Я остаюсь перед большим столом, на который выкладываются куски мяса и хищноватыми глазами начинаю разглядывать товар. За столом стоит огромный дядька. Он лихо рубит животную плоть на части поменьше, а затем кидает на прилавок, где уже хлопочет за продажей пышная женщина.
Матери долго нет. Я уже начинаю скучать, как вдруг на прилавок передо мной, хлюпая кровью, плюхается отрубленная свинная голова.
От ужаса я вздрагиваю и тут же отворачиваюсь, прикрывая глаза варежками. За спиной издевательски гыкает мохнатая шапка мясника.
Огромными от страха глазами ищу в толпе маму, а когда не нахожу, то стою еще несколько минут в стороне, стараясь не глядеть на жуткое зрелище. Однако постепенно любопытство берет вверх и я собираю все внутренние силы, чтобы украдкой взглянуть на чудовищную голову животного.
Поразительно, но в этот раз она уже не кажется столь жуткой. С любопытством исследую её и скоро замечаю кое-что необычное, но долго не могу понять что именно, до тех пор пока меня не осеняет. Мертвая голова улыбается!
Приглядевшись внимательнее я вижу, что рот с высунутым вспухшим языком расплывается в широкой улыбке, а в белесых мертвецких глазах сияют солнечные зайчики смешинок. Меня начинает слегка мутить и я собираюсь перевести взор на черное небо, но по пути запинаюсь взглядом о вывеску, где рядом с надписью «мясо» нарисована такая же веселая свинья.
В те секунды неопытный разум безуспешно пытается найти логические связи между происходящим и весельем на лице убитой скотины. Я даже не успеваю полностью осознать всю абсурдность поисков смысла, как вдруг в сознании начинают происходить какие-то важные, но пока еще неизвестные мне трансформации.
Под их влиянием я, как завороженный замираю в центре человеческого муравейника, где кипит такая малоизвестная мне взрослая жизнь. Пока я так стою, мимо проносятся блаженные человеческие лица с кровавыми кусками звериной плоти в подмышках, обсчитывается нищета и обогащаются торговцы. До слуха доносится, как вдалеке истошно лают псы, а вокруг по привычке переругиваются между собой тощие люди в волокнах больших одежд. В общем жизнь идет своим чередом.
Какое удивление я испытываю, когда вдруг обнаруживаю, что улыбаюсь наблюдая за всем этим. Пару мгновений спустя я уже впервые в жизни по настоящему смеюсь.

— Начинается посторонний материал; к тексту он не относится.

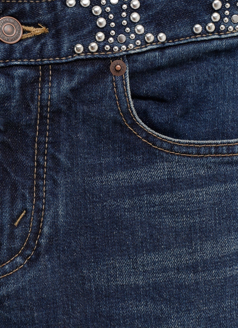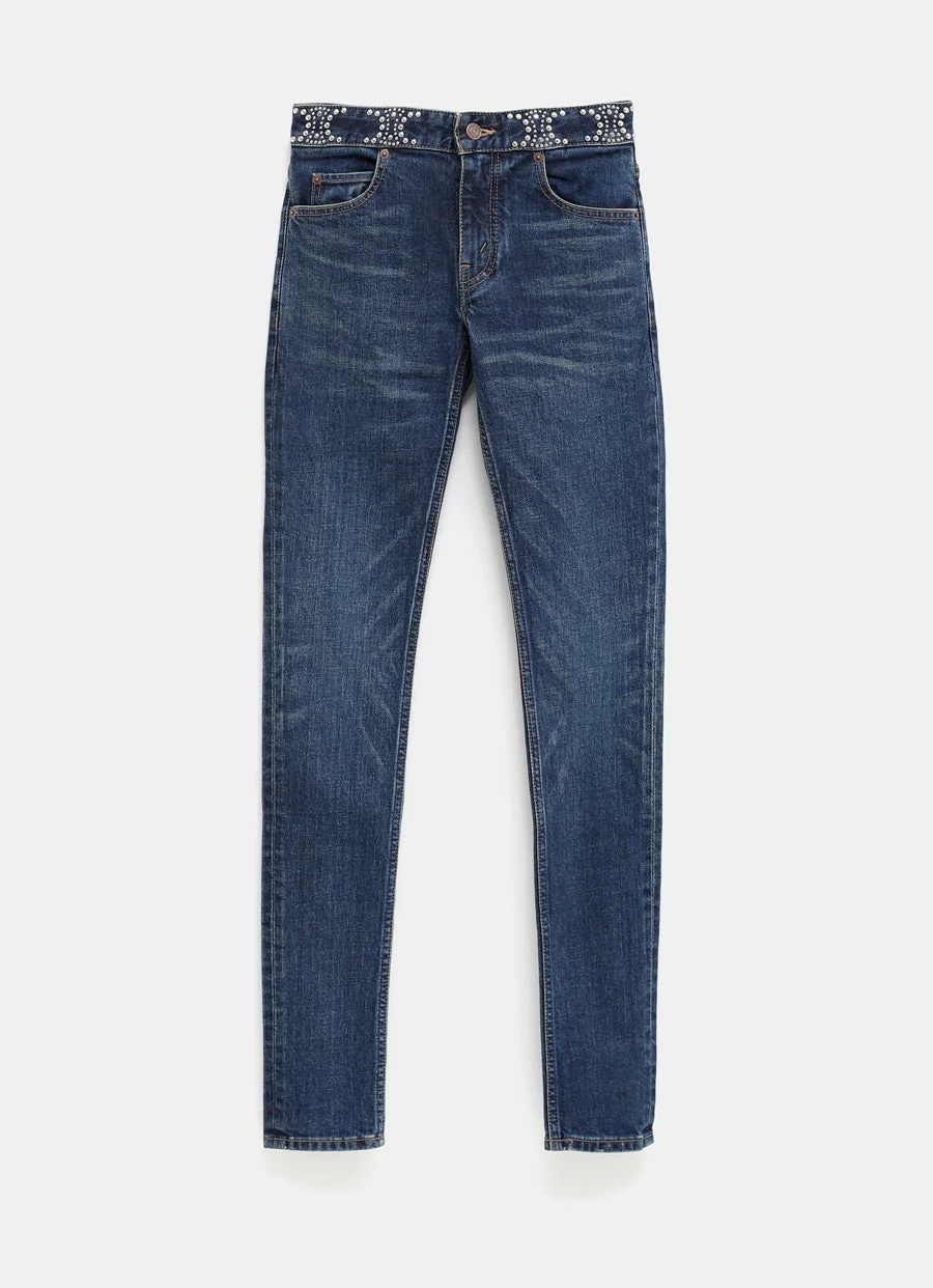 Pantalón vaquero de Celine en denim desgastado con lavado clean Dark Union. De corte ajustado y talle bajo. Cinco bolsillos y parche en la parte trasera. Sobrepuestos metálicos Triomphe en la cintura. Cierre con cremallera y botón. Hechos en japón. Tallan normal, elige tu talla habitual. Tallaje jeans de mujer.

«Это так непохоже на меня, — проносятся в голове мысли. — Возможно это кто-то другой».
Я пытаюсь перестать смеяться, но безуспешно. Задорный клокот продолжает испускаться из моего хрупкого тела, подобно тому как стравливается воздух из проткнутой автомобильной шины.
Глаза сильно слезятся от веселья и холода. От этого со стороны, наверняка, кажется, что я плачу, но, к счастью, никому нет до меня дела. А вот мне сквозь навернувшиеся слезы начинает чудиться, что мертвая голова тоже стала неестественно подергиваться от смеха.

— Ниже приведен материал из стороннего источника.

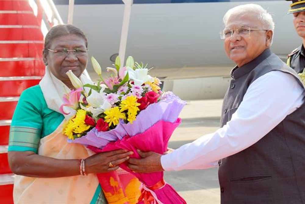 राष्ट्रपति श्रीमती द्रौपदी मुर्मु का राज्यपाल श्री मंगुभाई पटेल और मुख्यमंत्री डॉ. मोहन यादव ने किया स्वागत
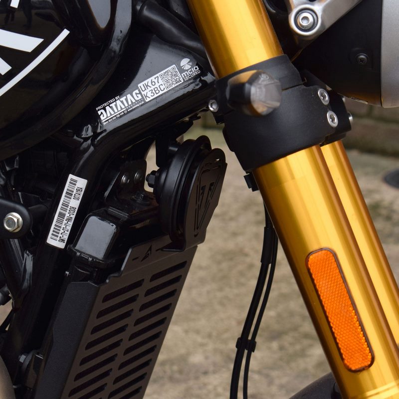 ピラミッドホーンカバーは、フロントホイールから跳ね上げられる破片や水しぶきからホーンを保護します。取り付けとメンテナンスが簡単なホーンカバーは、包括的な取り付け説明書と必要な追加金具とともに安全に梱包されて届きます。 バイクの改造は必要ありません。

Тогда внутри, окончательно что-то щелкает и целостный механизм ломается, но лишь затем, чтобы починиться и заработать вновь, но в этот раз уже совсем по иному. Теперь все кругом становится донельзя понятным и особенно смешным.
«Ха-ха-ха-ха», — из моей груди изливается новый порыв чужеродного веселья. Прохожие, что замечают это, начинают шарахаться в стороны. Разум окончательно теряет контроль.

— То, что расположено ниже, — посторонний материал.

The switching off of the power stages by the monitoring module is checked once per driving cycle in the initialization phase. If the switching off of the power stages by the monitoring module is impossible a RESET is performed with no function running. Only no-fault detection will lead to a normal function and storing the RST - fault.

— Они столь забавны, словно придуманы кем-то нарочно. — слова возникают в голове сами собой и складываются в причудливые предложения:
— Постоянно всего боятся и бегут от самих себя. Они так неумело бултыхаются в супе жизни, а затем умирают толпами, оставив после себя лишь пустоту. Если людям дать второй шанс, то они все равно продолжат бесконечно врать, пить до бесов и скоро снова помрут. Выбраться из этого порочного круга суждено лишь единицам.
Прохожие пугаются меня, как демоненка. Мое лицо измазано вновь пошедшей кровью и среди этого кровавого месива блестят сомкнутые белые зубы поджатые тонкими губами в жуткую улыбку.
Проходит минута. Улыбка постепенно соскальзывает с моего лица. Немного отпускает. Эти чужие мысли, взявшиеся из ниоткуда, сильно пугают. Тут я начинаю вдумываться и невольно осознаю, что, вероятно, похожий сценарий заготовлен и для меня.
«Выберутся лишь единицы, — задумываюсь я. — Буду ли я в их числе? Вряд ли. Однажды мы ездили в соседний крупный город за новой одеждой для меня и сестры. В дороге началась буря. До города мы добрались только через пару дней. В новом городе было также холодно, как и у нас. Нет от вечной мерзлоты нельзя было просто так сбежать.»
Перед глазами плывет. Кажется голова вот вот разорвется от потока мыслей. Тогда в надежде остановить это, я вновь обращаю внимание на мертвецкое лицо животного.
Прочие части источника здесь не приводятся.